→ Records drawn from a dataset:

____________________

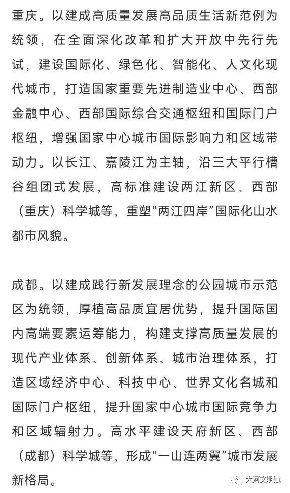 此处对重庆要求明确,即“四化”现代城市:国际化(两江四岸)、绿色化(广阳湾)、智能化(两江新区)、人文化(长江艺术湾区);成都强调以构建现代产业、创新、城市治理三大体系来支撑高质量发展,落脚点为“双高”中的高质量发展。
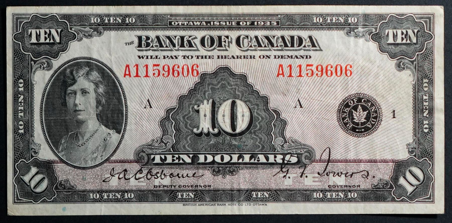 1935 $10 BC-7 #A1159606, Solid VF example.
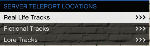 | Real Life Tracks | Fictional Tracks | Lore Tracks |
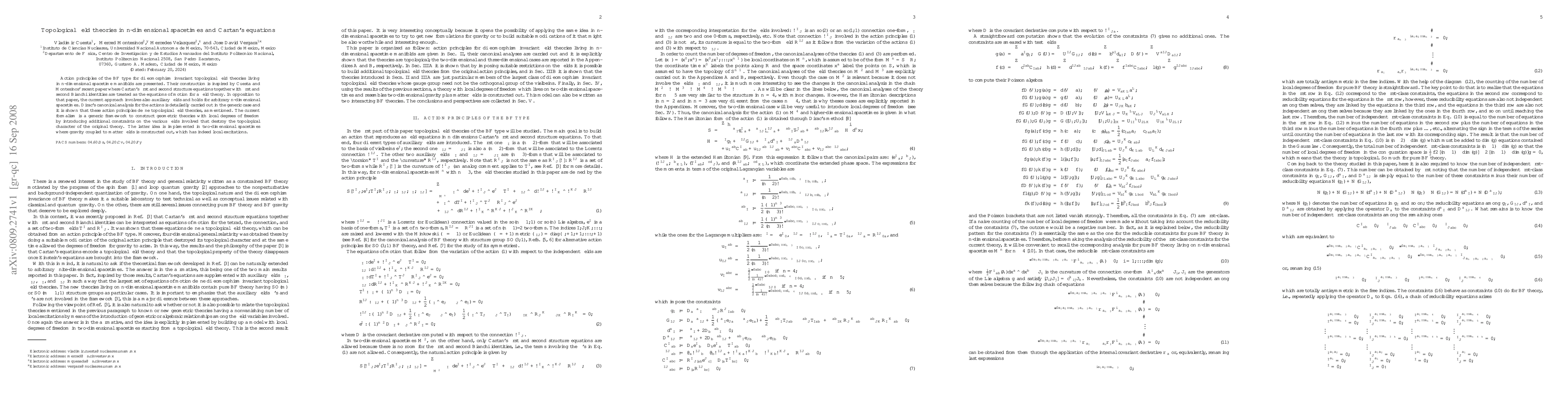 Action principles of the BF type for diffeomorphism invariant topological field theories living in n-dimensional spacetime manifolds are presented. Their construction is inspired by Cuesta and Montesinos' recent paper where Cartan's first and second structure equations together with first and second Bianchi identities are treated as the equations of motion for a field theory. In opposition to that paper, the current approach involves also auxiliary fields and holds for arbitrary n-dimensional spacetimes. Dirac's canonical analysis for the actions is detailedly carried out in the generic case and it is shown that these action principles define topological field theories, as mentioned. The current formalism is a generic framework to construct geometric theories with local degrees of freedom by introducing additional constraints on the various fields involved that destroy the topological character of the original theory. The latter idea is implemented in two-dimensional spacetimes where gravity coupled to matter fields is constructed out, which has indeed local excitations.
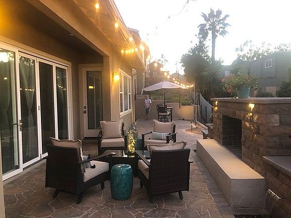 Upgraded landscaping with custom hardscape, large outdoor stone fireplace, water feature, planters, beautiful custom wood and stone bench. Landscaping lights and irrigation throughout.

____________________

→ TASK BRIEF:
Find the line with "1935 $10 BC-7 #A1159606, Solid VF example." and the line with "Lore Tracks |" in the records above. Copy both and all lines between them exactly, without pictures.

→ RESULT:
 1935 $10 BC-7 #A1159606, Solid VF example.
 | Real Life Tracks | Fictional Tracks | Lore Tracks |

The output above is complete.